Thermodynamic equilibrium analysis of entrained flow gasification of spent pulping liquors

The main goal of this work is to investigate if thermodynamic equilibrium calculations can be useful for understanding and predicting process performance and product composition for entrained flow gasification of spent pulping liquors, such as black liquor. Model sensitivity to input data is studied and model results are compared to published pilot plant data. The high temperature and the catalytic activity of feedstock alkali make thermodynamic equilibrium a better predictor of product composition than for many other types of biomass and gasification technologies. Thermodynamic equilibrium calculations can predict the flows of the main syngas and slag products with high accuracy as shown by comparison with experimental data with small measurement errors. The main process deviations from equilibrium are methane formation and sulfur distribution between gas and slag.
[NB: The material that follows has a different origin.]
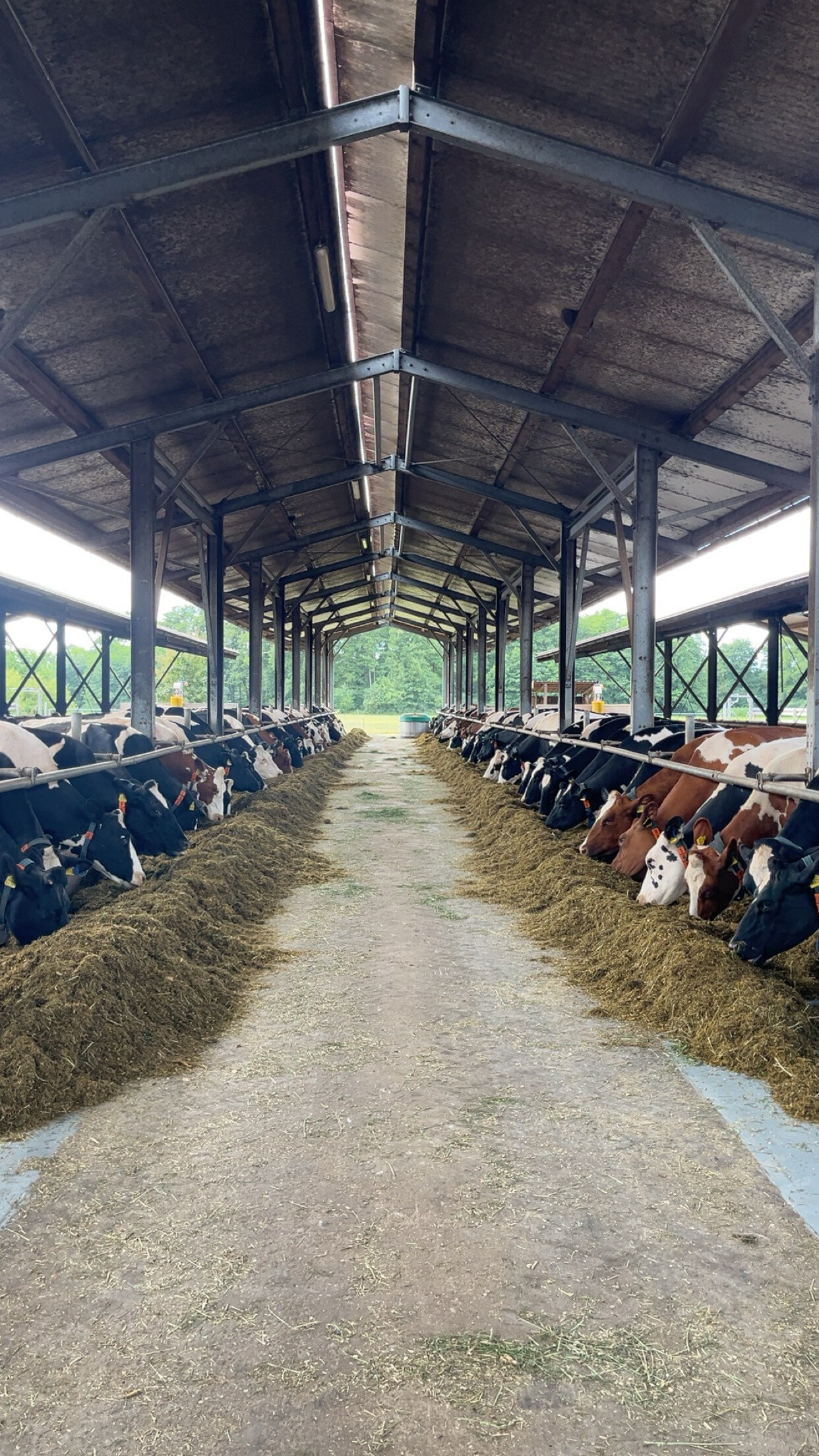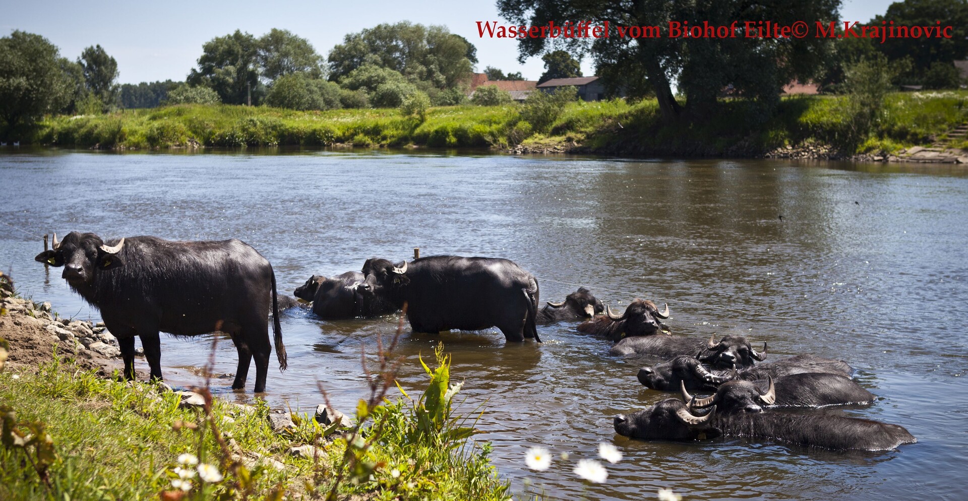 Die aktuelle Milchleistung bei 120 Melkenden liegt im Laktationsschnitt bei 7500kg. Die Kühe erhalten im Sommer freien Weidezugang. Wir haben seit Kurzem eine Ammenkuhherde mit ein bis zwei Kälbern pro Amme und einem Bullen. Das Füttern unserer Milchkühe übernehmen unsere Angestellten. Die Kälber werden morgens und abends von dem Auszubildenden versorgt. Die weiteren Aufgaben sind Zaunbau, Weidekontrolle und diverse Tiertransporte zu den Weiden, da grundsätzlich viele Tiere auf der Weide stehen. So stehen die Wasserbüffelherden ganzjährig auf der Weide.

In order to study real process deviations from equilibrium, it is very important to use consistent experimental data. Relatively small errors in the model input, primarily related to fuel composition, can lead to grossly erroneous conclusions. The model sensitivity to fuel composition also shows that the gasification process is sensitive to naturally occurring feedstock variations. Simulations of a commercial-scale gasification process show that cold gas efficiency on sulfur-free basis can reach over 80 % and that greatly improved efficiency can be obtained by reducing ballast present in the form of water or inorganics.